Shanon Poupard

France
Born 1999

Shanon Poupard Portfolio

Excerpt from the Fashion Movie

Into the Realms of the Real

When we infantilise someone we treat them as if they were a child, in a condescending and patronising manner that demeans and devalues them. But what about the infantilisation of reality which seems to plague the 21st century generation, as an escapist response to traumas such as wars and the climate crisis? Shanon Poupard dived into this concept with her collection, developing an aesthetic that looks at traditional children's clothes as the starting point for blown-up subverted silhouettes that use naive pastoral embroideries as tools to project an alternative, dark reality. Crochet turns into an incendiary tool and delicate knitted lace dresses become portents of doom, in a constant, balanced dance between addressing and ignoring reality.

Selection motivation

In the collection there was an interesting juxtaposition between the blown-up children’s clothes and the very serious subject matter being presented. The prints genuinely look like a children’s drawing, which added to the authenticity and successful communication of the collection’s theme and inspiration.

Very young children tend to think in the most creative ways without a filter because they haven’t developed the parts of the brain that let them know the appropriate times to mention something or display in a certain type of way. This means that at the base of things, some of the most authentic forms of expression come from young children due to their unfiltered nature. The iconography felt like it was through the lens of a child. For example, using paper planes as a substitute for actual plane makes it feel more through the lens of a child and is a connection that most people can place to their childhood. Other key pieces in the collection alluded to the theme including a bomb crochet bag that featured a lit fuse woven into the design. Accessories are a strong part of world building for a designer and it was good to see a range of products in this collection from clothes, to bags to socks. The landscape also depicted the sad reality of when innocent civilians become victims of a war. On one of the pieces you see kids playing in a flower garden as bombs are close to impact.

The clothing details made sense within the theme. There were aviator hats that came in different fabrics including a hand crocheted version and hand crocheted bonnets worn under leather aviator hats which were a reference to the type of hats air force bombing pilots would wear. The children’s silhouettes were blown up in a way that could still be wearable for an adult and doesn’t necessarily look like cosplay which is a very difficult feat to achieve but it definitely was achieved here.
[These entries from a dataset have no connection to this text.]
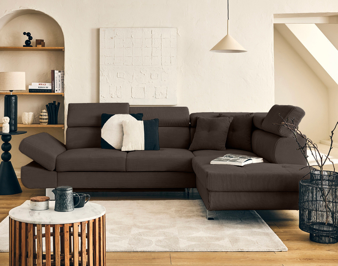 Lisbona - canapé d'angle droit 5 places convertible avec têtières en velours côtelé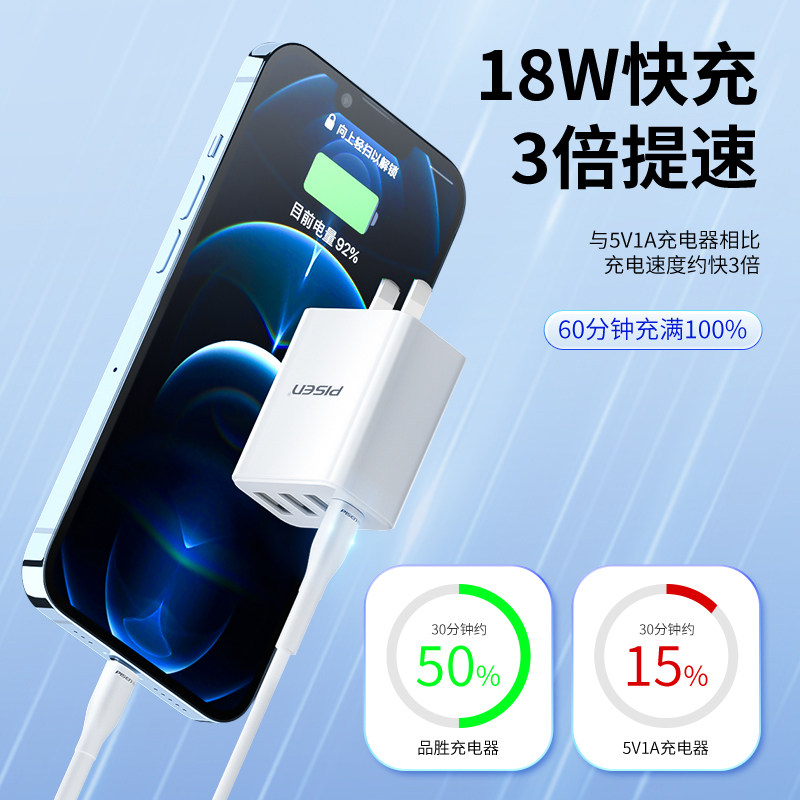 3C认证品胜多口充电器适用苹果安卓小米充电头typec三口pd快充usb插头四口三合一拖三QC快充通用手机平板冲电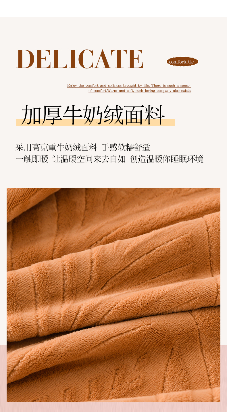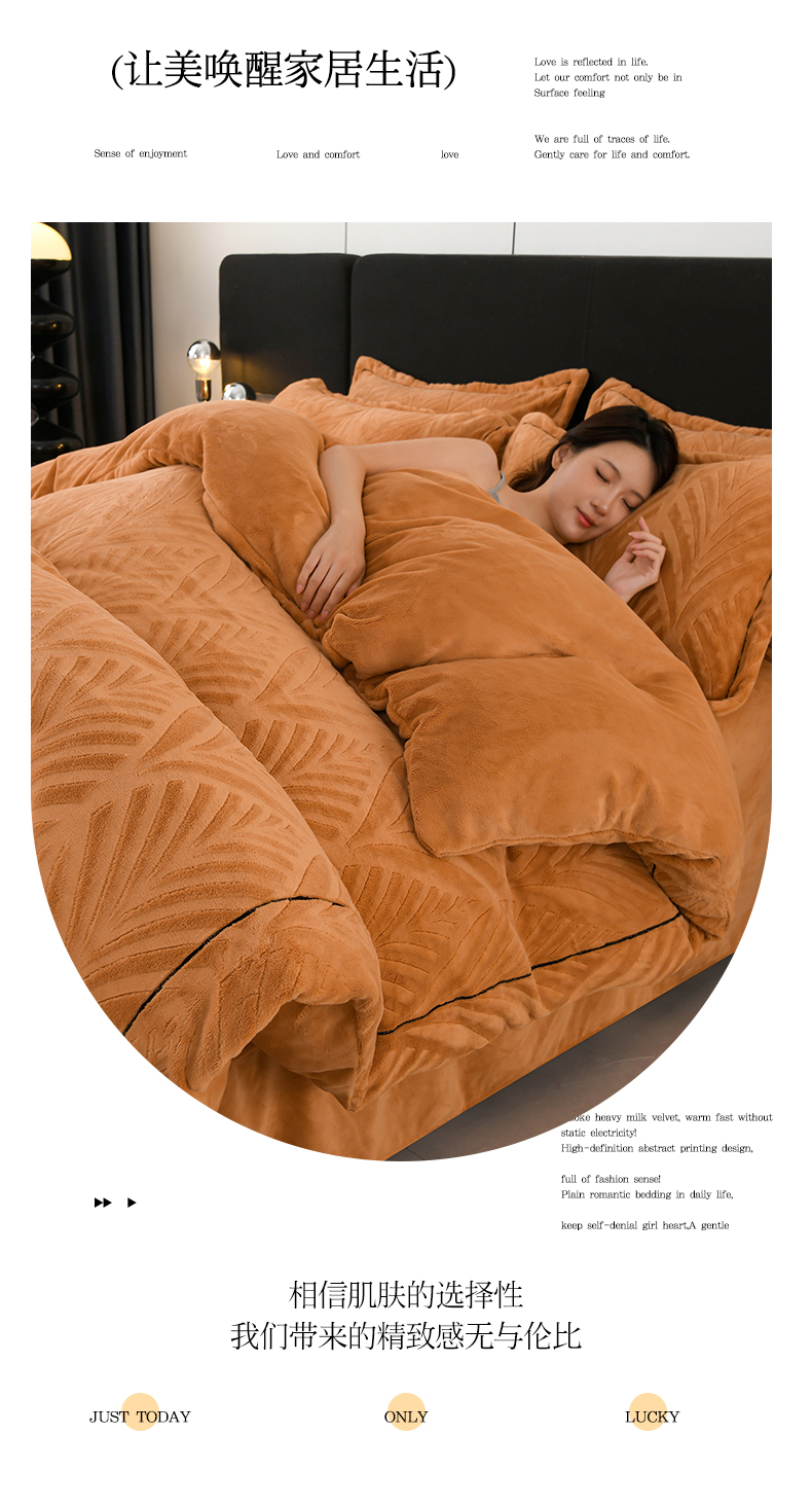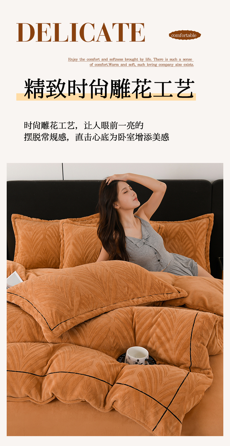 商品名称:紫月轩家纺 2025新款牛奶绒雕花四件套香槟-卡其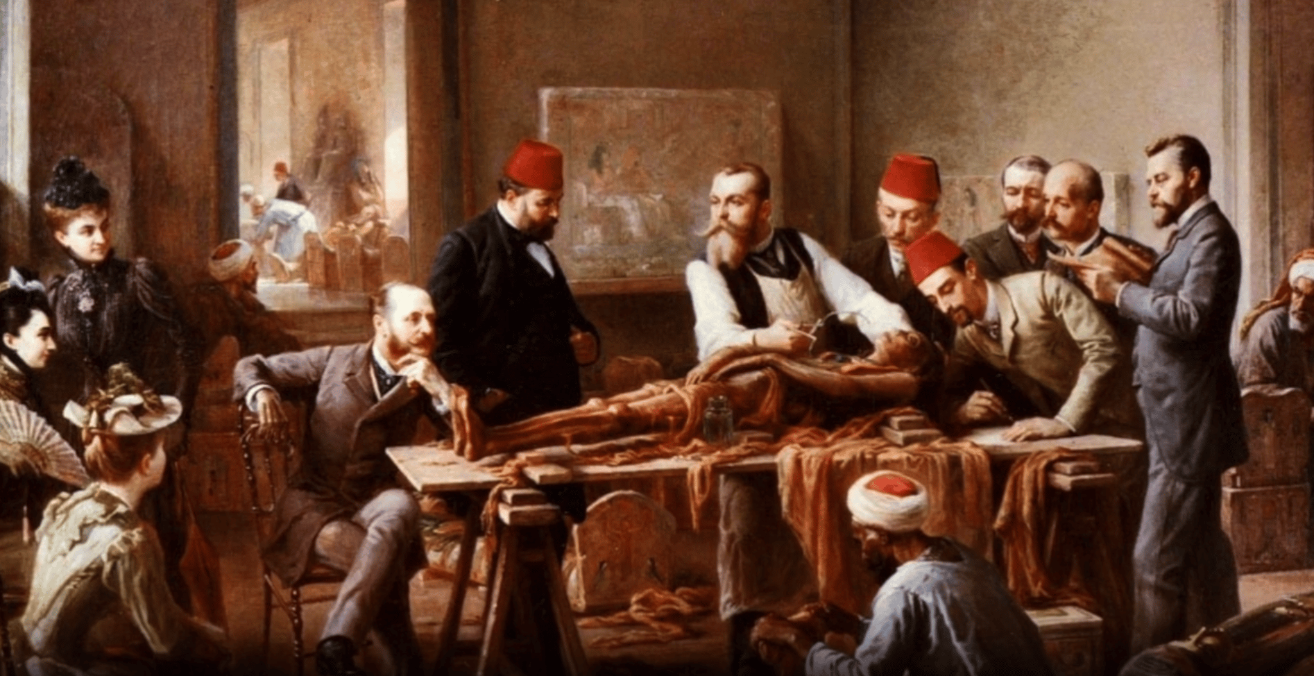 This is the story of a funeral: the funeral of a tube of paint! Warning: We'll talk about corpses and mummies in the context of history of arts (seriously), fainted hearts beware! In the mid-19th century, the British painter Edward Burne-Jones, a central figure of the Pre-Raphaelite Brotherhood, was using a popular pigment known as "Mummy Brown". He received the visit of another painter, Sir Lawrence Alma-Tadema who mentioned what it was actually made of. Burne-Jones jumped in horror when he...

Something else that really stood out was the body diversity presented in the collection. There were people of different genders, sizes, heights and ethnicities in the lookbook which was good to see. Many designers say they design for “everyone” but then they represent a very singular vision of the type of person they are designing for through the models they choose in their marketing campaigns, lookbooks and runway shows.

The knitted tiered lace dresses looked good in the lookbook and the fabric weight made sense. There is a fine line as sometimes if the bottom of a knitted lace dress is too heavy due to added ruffles and tiers it can start to pull downwards on the rest of the knitted piece (which as most people know is a disaster for knitwear and would damage the piece very quickly). You’ve found a successful way around this, with a result being knitted pieces that maintain a desired silhouette.

The thing that tied all of it together was the sustainability aspect to the collection. It was great to find out that fabrics used in the collection are compostable, limiting the long-term impact of the clothes on the environment.